Wetterling enters Senate race
"Campaign Races"10/09/2005
Associated Press
October 10, 2005
Patty Wetterling said she hopes to help pass a number of laws to protect children from sex offenders, as she kicked off her campaign Sunday for the U.S. Senate.
“I embrace the fact that I am a nontraditional candidate,’’ she told more than 100 supporters in Riverside Park in St. Paul.
Wetterling lost a bid for Congress last year to U.S. Rep. Mark Kennedy, but she was a recognized name long before because of the tragic unsolved kidnapping of her son Jacob in 1989. After his disappearance, she became an activist for child safety and established the Jacob Wetterling Foundation to protect children from abduction and sexual exploitation.
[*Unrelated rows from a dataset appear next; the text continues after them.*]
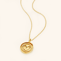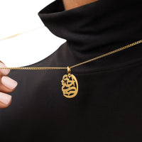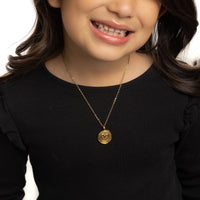 A model wearing the 18K gold-plated My Sister Oval Necklace. The pendant rests gracefully on her collarbone, highlighting the intricate Arabic calligraphy against a neutral-toned outfit.A close-up of the My Sister Oval Necklace in 18K gold plating. The oval pendant features the Arabic word "أختي" ("Ukhti" – My Sister) engraved in elegant calligraphy, suspended from a delicate gold curb chain.
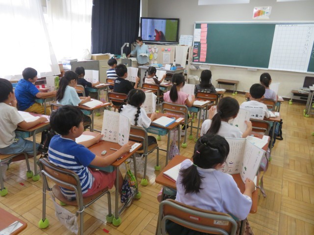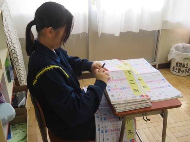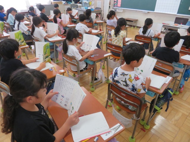 10/8 国語の授業(2) 公開日 2025/10/08 更新日 2025/10/08 できごと 1年生の国語「かん字のはなし」の授業でも、子どもたちはとてもいい姿勢で取り組んでいました。 チャレンジウィーク(事業所体験)の西中生が、教室の後ろで漢字スキルの丸付けを体験していました。
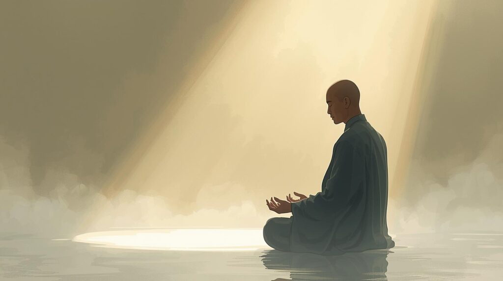 À l’inspiration, imagine que tu prends la souffrance — la tienne ou celle d’autrui — sous forme d’une fumée sombre, d’une lourdeur ou d’une chaleur dense.
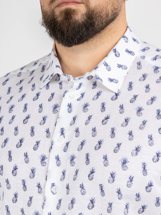 Cette chemise en coton et lin à motif ananas apporte confort et respirabilité grâce à son tissu léger idéale pour un look à la fois décontracté et raffiné.
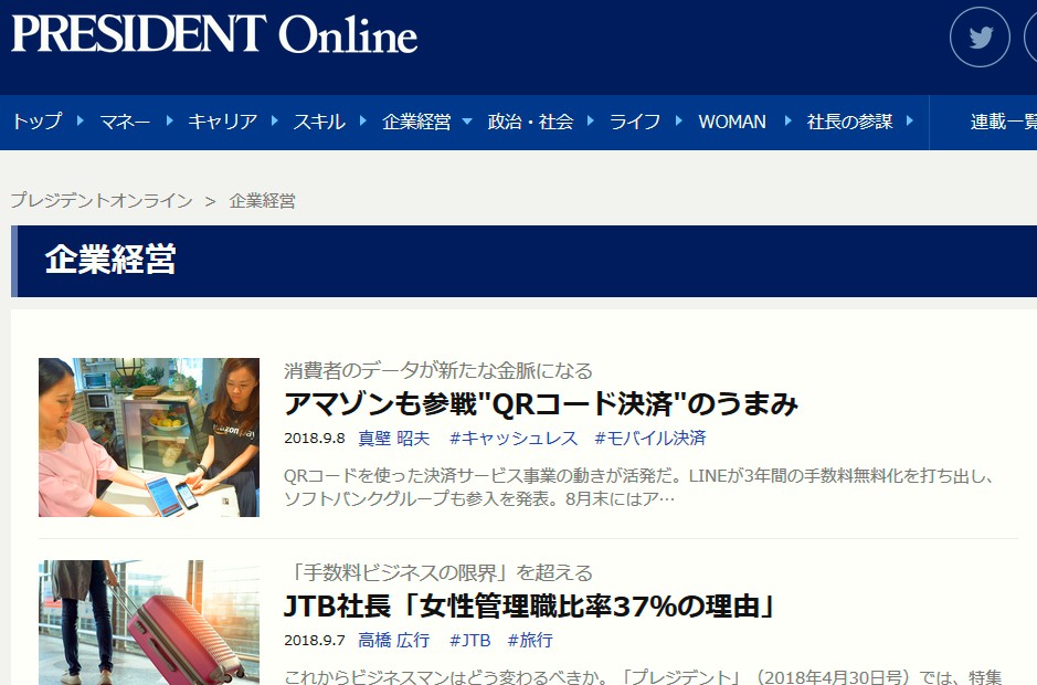 J'entretiens un rapport assez particulier avec le President car je peux aussi bien aimer ses articles, que les détester. C'est d'un extrême à l'autre : soit ils sont trop complexes et inintéressants, soit ils sont très intéressants et compréhensibles - moyennement recherches et dico à portée de mains. Son approche diffère du Toyo Keizai car il donne la parole à des dirigeants d'entreprises (petite, moyenne ou grosse d'ailleurs), et il enquête sur des entreprises et des secteurs d'activités (tendances, big news etc). Le President consacre aussi des articles sur la carrière professionnelle et le style de vie. Une section destinée aux femmes est assez présente, avec des articles plus ou moins pertinents.
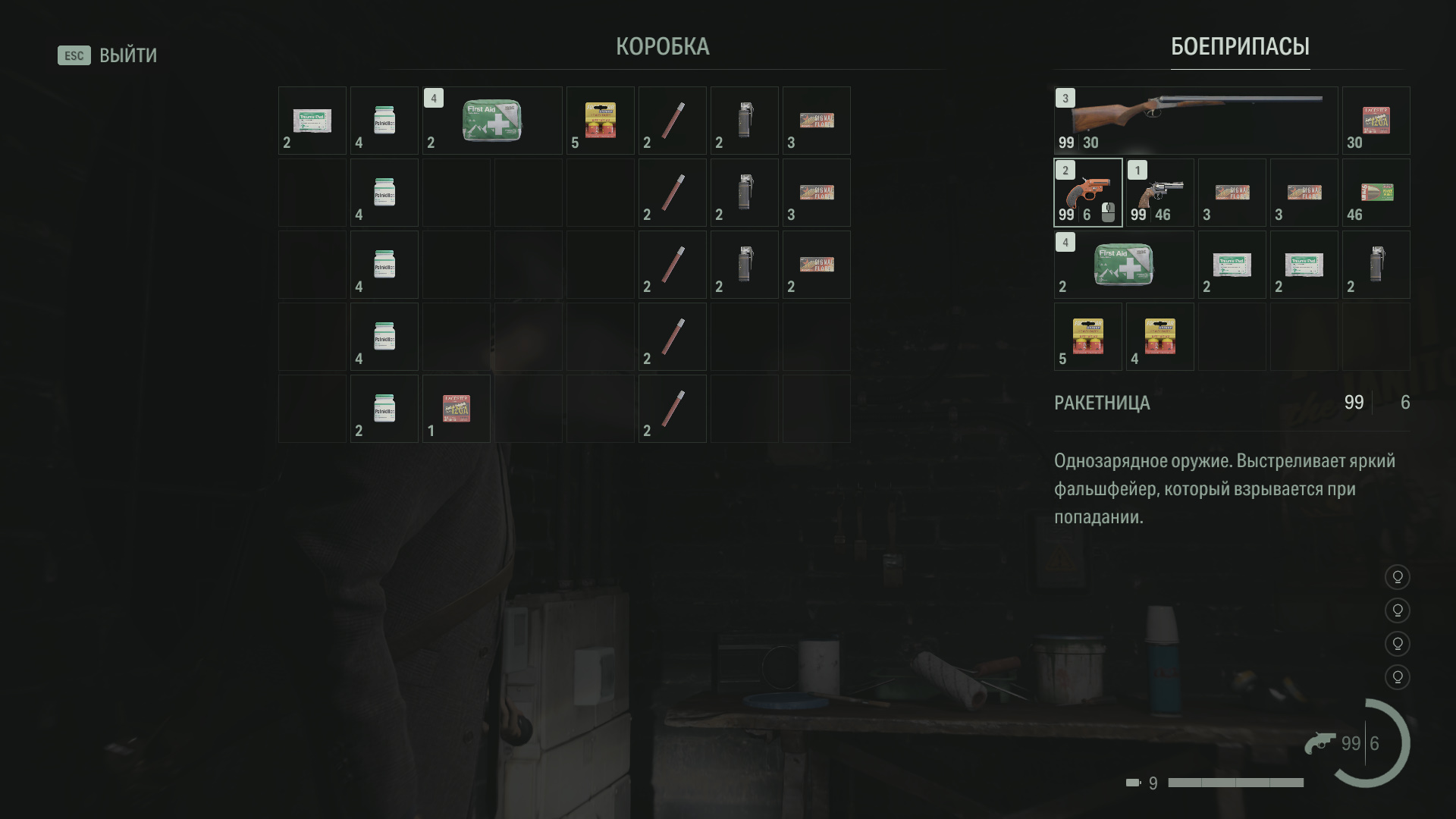 Инвентарь очищается полностью (патроны, аптечки, батарейки и т.д.)

Last weekend, she called for the withdrawal of U.S. troops from Iraq by Thanksgiving 2006, apparently becoming the first Senate candidate to propose a specific deadline.
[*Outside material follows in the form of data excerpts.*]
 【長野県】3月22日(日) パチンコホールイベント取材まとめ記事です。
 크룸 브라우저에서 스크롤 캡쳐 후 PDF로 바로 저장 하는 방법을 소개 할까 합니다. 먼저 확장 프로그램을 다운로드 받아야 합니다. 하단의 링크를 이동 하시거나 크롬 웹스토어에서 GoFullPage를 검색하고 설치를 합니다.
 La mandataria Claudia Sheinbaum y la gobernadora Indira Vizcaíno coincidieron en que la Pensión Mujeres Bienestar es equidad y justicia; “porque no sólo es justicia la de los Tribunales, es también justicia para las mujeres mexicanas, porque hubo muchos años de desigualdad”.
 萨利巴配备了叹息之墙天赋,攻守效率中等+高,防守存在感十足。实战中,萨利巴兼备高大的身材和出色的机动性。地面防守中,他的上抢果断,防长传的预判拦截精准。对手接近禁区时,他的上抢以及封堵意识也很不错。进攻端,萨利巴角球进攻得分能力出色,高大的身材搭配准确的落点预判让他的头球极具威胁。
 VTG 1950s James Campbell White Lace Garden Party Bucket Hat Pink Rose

Wetterling is competing against Hennepin County Attorney Amy Klobuchar and veterinarian Ford Bell for the DFL’s nomination. Attorney Michael Ciresi, a Demcrat who ran for Senate in 2000, is also mulling a campaign.
On the Republican side, Kennedy appears to have a lock on the GOP nomination.
Wetterling attracted 46 percent of the vote in the right-leaning 6th District last year, encouraging key Democrats, who urged her to run again for Congress. She switched her focus to the Senate race in February after Democratic incumbent Mark Dayton decided not to run for re-election.